Use Postman in Laravel Project.

post man setup

So here’s what we’re going to build, a RESTful service, which allows you to sign up as a user, and then create meetings, sign up for meetings, and
register for meetings, delete a meeting, or change meeting. So a little organizer-like application.


Here, I’m on the route of creating a new user, and make sure that later on in this course when you try this on you own application we’re building
throughout this course, to change the URL you see here to the URL pointing to your RESTful server, or to your server hosting create a new user,
which is why I have the Post method selected here.

And also, later in another article, make sure to provide one extra post. Besides the Content-Type, which is application/JSON, make sure to provide the X-Requested-With header with a value of XMLHttp Request. This is required by Laravel to handle your requests correctly, especially when it comes to things like validation and returning errors.

Here for creating a new user, I pass a Post body, so a JSON object where I pass the name of the user I want to create, and email, and a password.
Now if I click Send, you see that I also get a JSON response where, well, I’m told that the user was created. I can then use this user to sign in this route,
and pass in the credentials I just created, which returns me a JSON token, which is the security mechanism used in this course.

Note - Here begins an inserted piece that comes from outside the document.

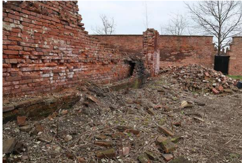
We've started to re-clear the east gate area

And of course, you will learn more about this in my upcoming articles. And with that, I’m for example, able to create a new meeting bypassing
the token with the request, passing some meeting data like the time when I want this meeting to happen, a name, and a description,
I’m going to click send here; this actually creates such a new meeting. Now I’m not going to go through all these routes here, but I think you get
the idea of what this application does, and how it works. And I’m very excited to get started with that.